What is required:
Nothing but the text should be carried over: reproduce all the data exactly and leave out every image.

Information provided:
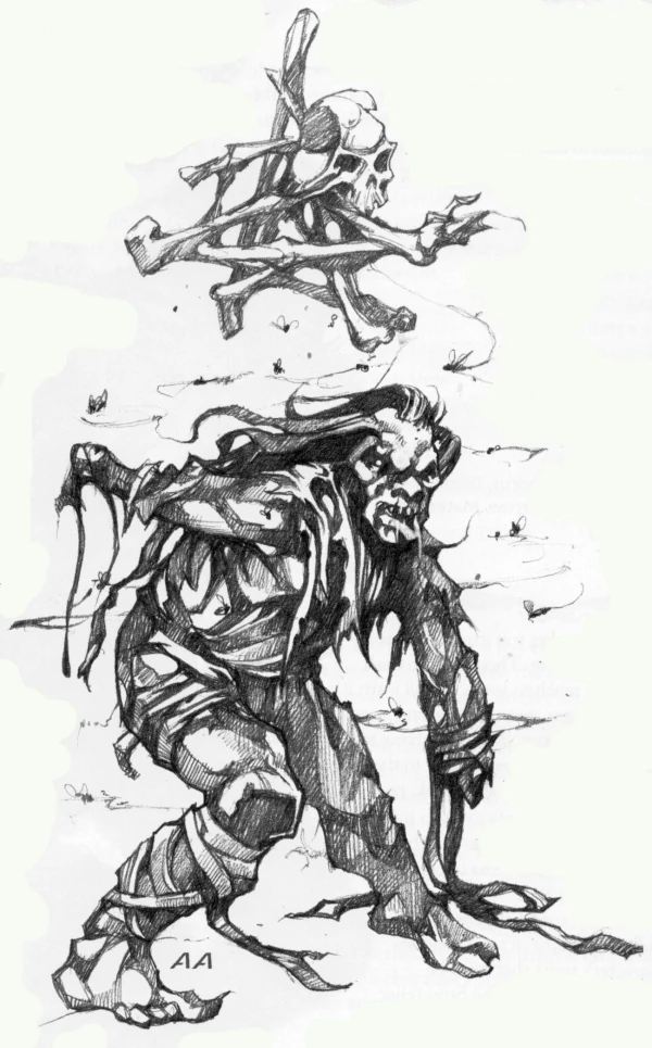 A murs'thu appears as a handful of spongy and diseased shards of bone rotating within a buzzing cloud of flies. Filthy bandages dangle from within the spirit, dragging on the floor where it passes. Wastelings always choose ailing individuals to spread their influence.
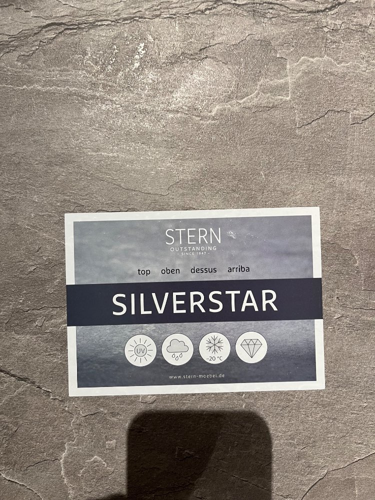 Gartentisch Penta 220x100cm von STERN Gestell schwarz matt Tischplatte Slate Stone Gestell aus Aluminium HPL Tischplatte ohne Dekoration
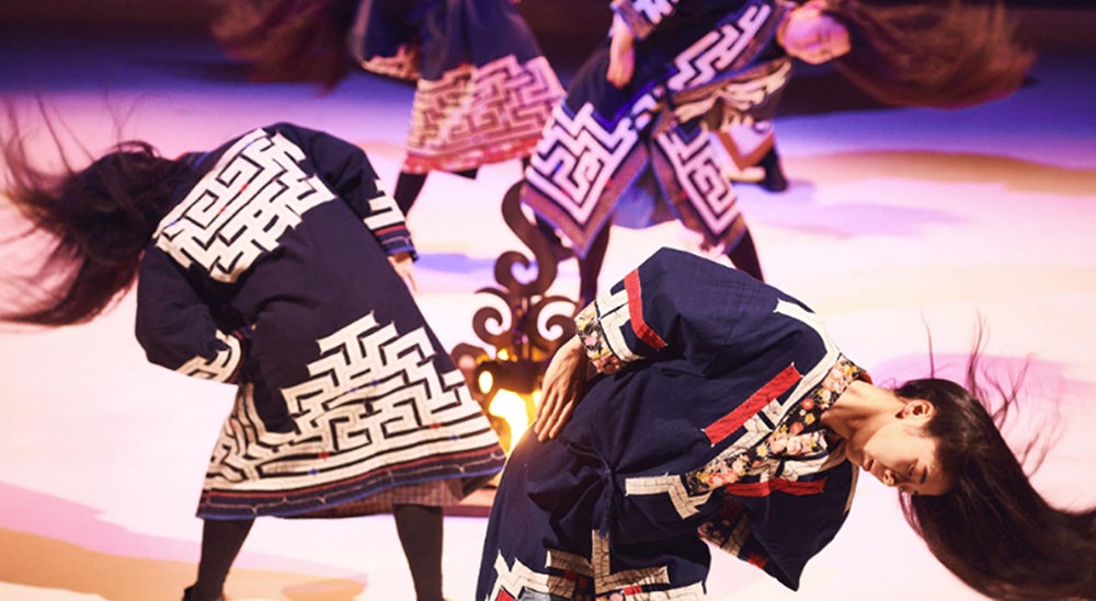 この演目は、アイヌの人々がアイデンティティとして持つ多様性を受け入れる受容性や大切な思想でもあるウレシパモシㇼ、つまりお互いに育て合う大地等をテーマに取り入れ、制作チームと阿寒湖アイヌシアター<イコㇿ>の踊り手が話し合いを重ねながら沢山の想いを込めつくられた作品です。

Exercise output:
 A murs'thu appears as a handful of spongy and diseased shards of bone rotating within a buzzing cloud of flies. Filthy bandages dangle from within the spirit, dragging on the floor where it passes. Wastelings always choose ailing individuals to spread their influence.
 Gartentisch Penta 220x100cm von STERN Gestell schwarz matt Tischplatte Slate Stone Gestell aus Aluminium HPL Tischplatte ohne Dekoration
 この演目は、アイヌの人々がアイデンティティとして持つ多様性を受け入れる受容性や大切な思想でもあるウレシパモシㇼ、つまりお互いに育て合う大地等をテーマに取り入れ、制作チームと阿寒湖アイヌシアター<イコㇿ>の踊り手が話し合いを重ねながら沢山の想いを込めつくられた作品です。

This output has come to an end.